(MATERIAL FOR THIS EXERCISE)
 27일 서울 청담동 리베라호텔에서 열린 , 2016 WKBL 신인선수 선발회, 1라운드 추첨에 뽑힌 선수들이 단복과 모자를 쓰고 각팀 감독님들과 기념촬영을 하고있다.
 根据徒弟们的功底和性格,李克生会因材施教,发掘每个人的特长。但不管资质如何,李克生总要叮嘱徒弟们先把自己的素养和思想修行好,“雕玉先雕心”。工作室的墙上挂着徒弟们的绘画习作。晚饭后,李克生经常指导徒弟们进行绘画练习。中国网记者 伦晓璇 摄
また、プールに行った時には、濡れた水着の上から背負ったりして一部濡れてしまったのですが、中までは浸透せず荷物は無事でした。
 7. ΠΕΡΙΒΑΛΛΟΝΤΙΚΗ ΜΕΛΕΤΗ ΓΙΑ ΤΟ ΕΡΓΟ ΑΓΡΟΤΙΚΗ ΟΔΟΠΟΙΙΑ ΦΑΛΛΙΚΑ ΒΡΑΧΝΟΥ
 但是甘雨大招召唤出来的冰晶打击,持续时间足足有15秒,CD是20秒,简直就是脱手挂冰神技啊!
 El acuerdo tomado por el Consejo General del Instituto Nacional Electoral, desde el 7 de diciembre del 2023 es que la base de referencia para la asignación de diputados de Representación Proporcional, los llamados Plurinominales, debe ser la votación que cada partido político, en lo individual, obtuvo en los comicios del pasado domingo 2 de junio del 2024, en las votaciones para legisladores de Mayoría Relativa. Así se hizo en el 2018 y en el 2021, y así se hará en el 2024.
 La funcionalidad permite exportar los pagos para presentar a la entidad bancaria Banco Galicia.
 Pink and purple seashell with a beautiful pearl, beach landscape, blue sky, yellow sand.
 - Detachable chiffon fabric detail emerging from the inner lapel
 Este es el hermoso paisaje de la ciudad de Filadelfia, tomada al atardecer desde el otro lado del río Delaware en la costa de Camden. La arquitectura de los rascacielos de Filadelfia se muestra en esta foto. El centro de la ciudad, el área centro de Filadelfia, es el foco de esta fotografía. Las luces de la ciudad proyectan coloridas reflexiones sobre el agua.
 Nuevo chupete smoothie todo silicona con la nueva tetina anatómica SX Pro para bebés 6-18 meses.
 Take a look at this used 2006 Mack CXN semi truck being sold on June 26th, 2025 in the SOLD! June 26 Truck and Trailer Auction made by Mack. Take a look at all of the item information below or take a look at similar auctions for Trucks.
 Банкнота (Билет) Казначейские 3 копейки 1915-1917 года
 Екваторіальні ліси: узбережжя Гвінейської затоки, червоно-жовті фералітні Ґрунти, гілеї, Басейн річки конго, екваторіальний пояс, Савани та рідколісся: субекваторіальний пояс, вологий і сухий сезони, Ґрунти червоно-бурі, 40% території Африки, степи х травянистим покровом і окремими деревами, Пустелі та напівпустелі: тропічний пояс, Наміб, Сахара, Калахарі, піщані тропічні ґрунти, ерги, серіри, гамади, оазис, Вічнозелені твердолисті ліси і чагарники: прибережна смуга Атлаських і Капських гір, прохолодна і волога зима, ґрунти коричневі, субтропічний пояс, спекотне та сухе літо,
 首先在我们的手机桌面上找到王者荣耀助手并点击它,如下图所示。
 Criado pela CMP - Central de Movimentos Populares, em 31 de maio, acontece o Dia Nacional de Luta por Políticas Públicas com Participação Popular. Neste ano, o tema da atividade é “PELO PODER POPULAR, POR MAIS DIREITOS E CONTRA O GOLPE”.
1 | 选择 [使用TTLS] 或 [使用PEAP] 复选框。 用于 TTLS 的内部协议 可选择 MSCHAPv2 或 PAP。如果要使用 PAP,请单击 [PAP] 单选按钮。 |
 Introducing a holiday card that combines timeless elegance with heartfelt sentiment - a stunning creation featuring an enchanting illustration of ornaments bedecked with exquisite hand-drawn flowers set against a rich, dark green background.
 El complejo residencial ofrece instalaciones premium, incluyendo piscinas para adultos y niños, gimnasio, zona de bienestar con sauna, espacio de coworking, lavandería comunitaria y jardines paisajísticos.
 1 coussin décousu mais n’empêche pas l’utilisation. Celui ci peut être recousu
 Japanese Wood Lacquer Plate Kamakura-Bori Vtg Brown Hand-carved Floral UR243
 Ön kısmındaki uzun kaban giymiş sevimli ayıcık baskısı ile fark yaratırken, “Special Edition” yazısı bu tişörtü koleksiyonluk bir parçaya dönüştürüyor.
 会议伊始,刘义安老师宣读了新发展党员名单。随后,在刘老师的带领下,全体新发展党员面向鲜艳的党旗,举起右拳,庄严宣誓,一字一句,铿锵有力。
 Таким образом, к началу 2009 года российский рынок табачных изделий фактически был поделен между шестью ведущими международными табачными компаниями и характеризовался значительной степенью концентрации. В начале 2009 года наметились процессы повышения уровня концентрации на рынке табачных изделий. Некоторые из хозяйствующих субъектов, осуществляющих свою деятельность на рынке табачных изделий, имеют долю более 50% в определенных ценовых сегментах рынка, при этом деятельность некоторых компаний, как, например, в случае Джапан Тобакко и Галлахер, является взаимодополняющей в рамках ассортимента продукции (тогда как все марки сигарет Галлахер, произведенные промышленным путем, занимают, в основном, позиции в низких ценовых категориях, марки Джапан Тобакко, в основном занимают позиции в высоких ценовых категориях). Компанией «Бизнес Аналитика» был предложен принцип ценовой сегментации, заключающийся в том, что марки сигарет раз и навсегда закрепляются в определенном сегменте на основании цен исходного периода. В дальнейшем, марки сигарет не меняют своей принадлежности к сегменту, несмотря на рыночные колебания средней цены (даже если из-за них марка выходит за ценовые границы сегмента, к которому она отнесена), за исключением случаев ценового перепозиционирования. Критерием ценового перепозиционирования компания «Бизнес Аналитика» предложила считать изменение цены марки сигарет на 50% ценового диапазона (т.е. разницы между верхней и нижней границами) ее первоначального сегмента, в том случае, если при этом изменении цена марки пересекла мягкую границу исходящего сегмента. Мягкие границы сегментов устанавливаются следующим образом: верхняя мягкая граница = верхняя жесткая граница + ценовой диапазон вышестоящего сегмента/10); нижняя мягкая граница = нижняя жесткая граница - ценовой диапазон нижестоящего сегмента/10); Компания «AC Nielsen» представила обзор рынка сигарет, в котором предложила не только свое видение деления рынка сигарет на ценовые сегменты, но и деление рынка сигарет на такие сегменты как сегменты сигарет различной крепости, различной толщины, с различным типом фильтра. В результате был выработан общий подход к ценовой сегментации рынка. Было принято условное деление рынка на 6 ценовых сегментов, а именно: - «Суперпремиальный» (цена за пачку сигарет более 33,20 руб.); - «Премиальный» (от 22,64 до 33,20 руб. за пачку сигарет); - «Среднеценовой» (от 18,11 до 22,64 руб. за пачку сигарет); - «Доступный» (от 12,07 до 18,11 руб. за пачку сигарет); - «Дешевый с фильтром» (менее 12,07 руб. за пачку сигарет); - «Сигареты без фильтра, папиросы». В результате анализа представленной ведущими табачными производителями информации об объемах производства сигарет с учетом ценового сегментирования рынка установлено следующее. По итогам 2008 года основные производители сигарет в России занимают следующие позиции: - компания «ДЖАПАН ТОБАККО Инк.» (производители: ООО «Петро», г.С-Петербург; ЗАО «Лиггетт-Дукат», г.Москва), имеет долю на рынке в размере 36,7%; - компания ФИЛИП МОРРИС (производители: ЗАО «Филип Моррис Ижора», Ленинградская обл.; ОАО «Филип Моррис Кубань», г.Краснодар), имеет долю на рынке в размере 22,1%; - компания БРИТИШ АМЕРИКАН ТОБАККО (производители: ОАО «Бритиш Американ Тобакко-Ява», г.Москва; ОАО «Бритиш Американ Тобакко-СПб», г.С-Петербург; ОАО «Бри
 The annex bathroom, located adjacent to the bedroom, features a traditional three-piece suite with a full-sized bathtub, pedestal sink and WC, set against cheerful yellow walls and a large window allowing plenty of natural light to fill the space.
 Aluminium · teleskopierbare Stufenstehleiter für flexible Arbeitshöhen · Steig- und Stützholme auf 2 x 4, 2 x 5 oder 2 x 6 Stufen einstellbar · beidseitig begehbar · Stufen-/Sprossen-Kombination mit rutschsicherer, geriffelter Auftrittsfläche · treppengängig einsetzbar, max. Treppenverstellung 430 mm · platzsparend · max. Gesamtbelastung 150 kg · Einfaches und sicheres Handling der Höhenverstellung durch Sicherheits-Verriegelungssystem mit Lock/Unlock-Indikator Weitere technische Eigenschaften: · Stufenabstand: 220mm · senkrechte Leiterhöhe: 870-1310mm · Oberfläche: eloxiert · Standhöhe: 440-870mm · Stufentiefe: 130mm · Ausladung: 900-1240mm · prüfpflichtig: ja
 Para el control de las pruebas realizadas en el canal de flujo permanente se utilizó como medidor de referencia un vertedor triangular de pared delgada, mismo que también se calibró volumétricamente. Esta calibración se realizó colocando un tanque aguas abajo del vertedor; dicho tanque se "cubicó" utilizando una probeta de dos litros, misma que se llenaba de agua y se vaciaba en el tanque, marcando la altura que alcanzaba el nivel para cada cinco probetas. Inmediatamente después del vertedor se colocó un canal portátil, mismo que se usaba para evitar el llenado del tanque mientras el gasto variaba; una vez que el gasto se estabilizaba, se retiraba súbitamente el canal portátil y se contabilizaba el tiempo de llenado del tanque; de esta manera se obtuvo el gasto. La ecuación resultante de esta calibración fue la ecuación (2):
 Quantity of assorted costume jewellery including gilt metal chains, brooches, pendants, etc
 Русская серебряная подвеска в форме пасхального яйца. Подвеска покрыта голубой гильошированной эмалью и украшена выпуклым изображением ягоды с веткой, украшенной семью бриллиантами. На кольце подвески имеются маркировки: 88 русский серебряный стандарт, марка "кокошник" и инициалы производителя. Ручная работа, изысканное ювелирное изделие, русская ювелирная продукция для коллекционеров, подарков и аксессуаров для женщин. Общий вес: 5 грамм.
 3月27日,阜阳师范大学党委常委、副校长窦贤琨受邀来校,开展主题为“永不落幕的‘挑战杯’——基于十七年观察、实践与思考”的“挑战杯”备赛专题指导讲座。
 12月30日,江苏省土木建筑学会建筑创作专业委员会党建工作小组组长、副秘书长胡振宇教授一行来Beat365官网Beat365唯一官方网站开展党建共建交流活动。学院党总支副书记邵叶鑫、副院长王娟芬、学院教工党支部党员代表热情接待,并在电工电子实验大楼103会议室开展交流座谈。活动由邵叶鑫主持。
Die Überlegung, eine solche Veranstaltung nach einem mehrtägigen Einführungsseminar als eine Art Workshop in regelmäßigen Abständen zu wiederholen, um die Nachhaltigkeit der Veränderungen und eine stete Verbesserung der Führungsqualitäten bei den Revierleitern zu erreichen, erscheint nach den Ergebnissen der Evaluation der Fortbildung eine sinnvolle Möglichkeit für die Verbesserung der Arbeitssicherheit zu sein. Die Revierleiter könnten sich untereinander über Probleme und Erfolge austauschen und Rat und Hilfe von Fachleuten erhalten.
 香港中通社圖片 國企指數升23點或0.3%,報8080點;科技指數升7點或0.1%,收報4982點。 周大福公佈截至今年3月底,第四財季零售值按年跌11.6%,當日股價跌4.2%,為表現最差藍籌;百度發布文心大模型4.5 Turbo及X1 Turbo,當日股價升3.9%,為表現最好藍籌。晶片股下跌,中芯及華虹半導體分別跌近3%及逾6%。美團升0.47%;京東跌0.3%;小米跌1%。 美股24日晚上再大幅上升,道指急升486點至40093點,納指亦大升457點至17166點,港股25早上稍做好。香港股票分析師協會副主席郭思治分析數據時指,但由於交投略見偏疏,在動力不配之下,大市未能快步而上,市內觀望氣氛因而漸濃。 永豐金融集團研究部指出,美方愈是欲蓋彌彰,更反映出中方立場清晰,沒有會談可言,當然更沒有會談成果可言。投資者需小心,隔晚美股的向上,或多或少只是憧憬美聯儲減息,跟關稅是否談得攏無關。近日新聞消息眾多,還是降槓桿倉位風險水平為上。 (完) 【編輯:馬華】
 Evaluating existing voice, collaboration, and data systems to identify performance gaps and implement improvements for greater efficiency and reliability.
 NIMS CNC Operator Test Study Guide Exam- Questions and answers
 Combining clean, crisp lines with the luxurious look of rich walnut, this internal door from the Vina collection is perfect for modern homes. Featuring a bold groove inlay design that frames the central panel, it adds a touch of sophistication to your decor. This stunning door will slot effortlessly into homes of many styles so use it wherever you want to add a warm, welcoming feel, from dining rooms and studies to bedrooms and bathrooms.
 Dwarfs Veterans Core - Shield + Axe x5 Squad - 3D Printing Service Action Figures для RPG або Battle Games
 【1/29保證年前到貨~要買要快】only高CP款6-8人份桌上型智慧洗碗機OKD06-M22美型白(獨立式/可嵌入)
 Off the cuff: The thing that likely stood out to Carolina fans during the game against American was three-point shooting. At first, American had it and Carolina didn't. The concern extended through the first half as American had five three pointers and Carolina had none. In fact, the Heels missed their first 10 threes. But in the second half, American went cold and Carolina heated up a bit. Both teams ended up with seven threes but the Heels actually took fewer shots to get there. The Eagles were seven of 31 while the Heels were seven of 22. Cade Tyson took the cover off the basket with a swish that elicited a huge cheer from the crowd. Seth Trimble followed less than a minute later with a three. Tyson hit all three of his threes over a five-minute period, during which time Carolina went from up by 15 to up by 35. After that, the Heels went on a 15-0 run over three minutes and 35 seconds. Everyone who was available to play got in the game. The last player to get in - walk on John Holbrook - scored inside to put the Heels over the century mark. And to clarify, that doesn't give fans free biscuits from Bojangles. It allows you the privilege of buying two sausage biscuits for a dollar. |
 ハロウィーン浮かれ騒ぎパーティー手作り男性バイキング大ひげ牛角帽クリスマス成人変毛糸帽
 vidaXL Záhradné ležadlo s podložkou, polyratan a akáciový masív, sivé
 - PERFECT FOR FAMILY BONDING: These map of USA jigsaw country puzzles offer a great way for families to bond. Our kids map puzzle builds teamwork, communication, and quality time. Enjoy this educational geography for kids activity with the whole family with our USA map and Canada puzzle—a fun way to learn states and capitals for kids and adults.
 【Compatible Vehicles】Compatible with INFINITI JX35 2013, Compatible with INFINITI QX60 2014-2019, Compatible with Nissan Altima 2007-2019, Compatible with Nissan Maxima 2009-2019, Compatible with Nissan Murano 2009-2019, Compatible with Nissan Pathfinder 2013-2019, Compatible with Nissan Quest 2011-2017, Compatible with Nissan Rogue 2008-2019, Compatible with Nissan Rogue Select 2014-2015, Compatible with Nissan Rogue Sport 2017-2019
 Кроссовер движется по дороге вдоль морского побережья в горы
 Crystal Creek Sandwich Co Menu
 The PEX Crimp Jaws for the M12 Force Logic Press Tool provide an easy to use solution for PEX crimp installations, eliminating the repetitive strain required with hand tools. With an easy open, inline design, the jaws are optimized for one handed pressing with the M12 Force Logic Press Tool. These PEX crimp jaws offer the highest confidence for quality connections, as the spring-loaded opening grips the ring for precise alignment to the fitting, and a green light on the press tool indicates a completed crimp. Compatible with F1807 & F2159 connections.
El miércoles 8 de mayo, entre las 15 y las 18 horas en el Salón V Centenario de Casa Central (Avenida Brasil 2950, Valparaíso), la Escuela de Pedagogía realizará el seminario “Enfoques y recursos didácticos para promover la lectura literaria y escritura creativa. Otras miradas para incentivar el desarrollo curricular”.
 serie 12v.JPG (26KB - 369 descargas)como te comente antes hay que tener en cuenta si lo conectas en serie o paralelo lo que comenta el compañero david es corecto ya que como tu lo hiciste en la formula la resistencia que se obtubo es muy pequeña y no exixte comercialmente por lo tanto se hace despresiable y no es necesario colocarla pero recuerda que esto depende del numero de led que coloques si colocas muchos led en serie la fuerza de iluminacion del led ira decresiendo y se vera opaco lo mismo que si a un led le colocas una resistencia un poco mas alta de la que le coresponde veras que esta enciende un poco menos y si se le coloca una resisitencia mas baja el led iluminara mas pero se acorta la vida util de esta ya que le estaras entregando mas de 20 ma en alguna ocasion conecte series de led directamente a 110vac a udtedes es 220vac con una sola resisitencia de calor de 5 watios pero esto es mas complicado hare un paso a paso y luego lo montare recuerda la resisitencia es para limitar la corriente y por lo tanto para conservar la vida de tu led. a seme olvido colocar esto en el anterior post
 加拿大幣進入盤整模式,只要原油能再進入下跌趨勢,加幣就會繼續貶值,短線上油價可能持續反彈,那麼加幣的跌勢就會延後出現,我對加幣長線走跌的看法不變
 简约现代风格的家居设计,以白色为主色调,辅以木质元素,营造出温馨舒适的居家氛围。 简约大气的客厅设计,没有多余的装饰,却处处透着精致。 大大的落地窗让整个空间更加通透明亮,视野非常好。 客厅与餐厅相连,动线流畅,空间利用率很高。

(EXERCISE GOAL) Show the lines of the data that hold the word "yellow".

(EXERCISE RESULT)
 Pink and purple seashell with a beautiful pearl, beach landscape, blue sky, yellow sand.
 The annex bathroom, located adjacent to the bedroom, features a traditional three-piece suite with a full-sized bathtub, pedestal sink and WC, set against cheerful yellow walls and a large window allowing plenty of natural light to fill the space.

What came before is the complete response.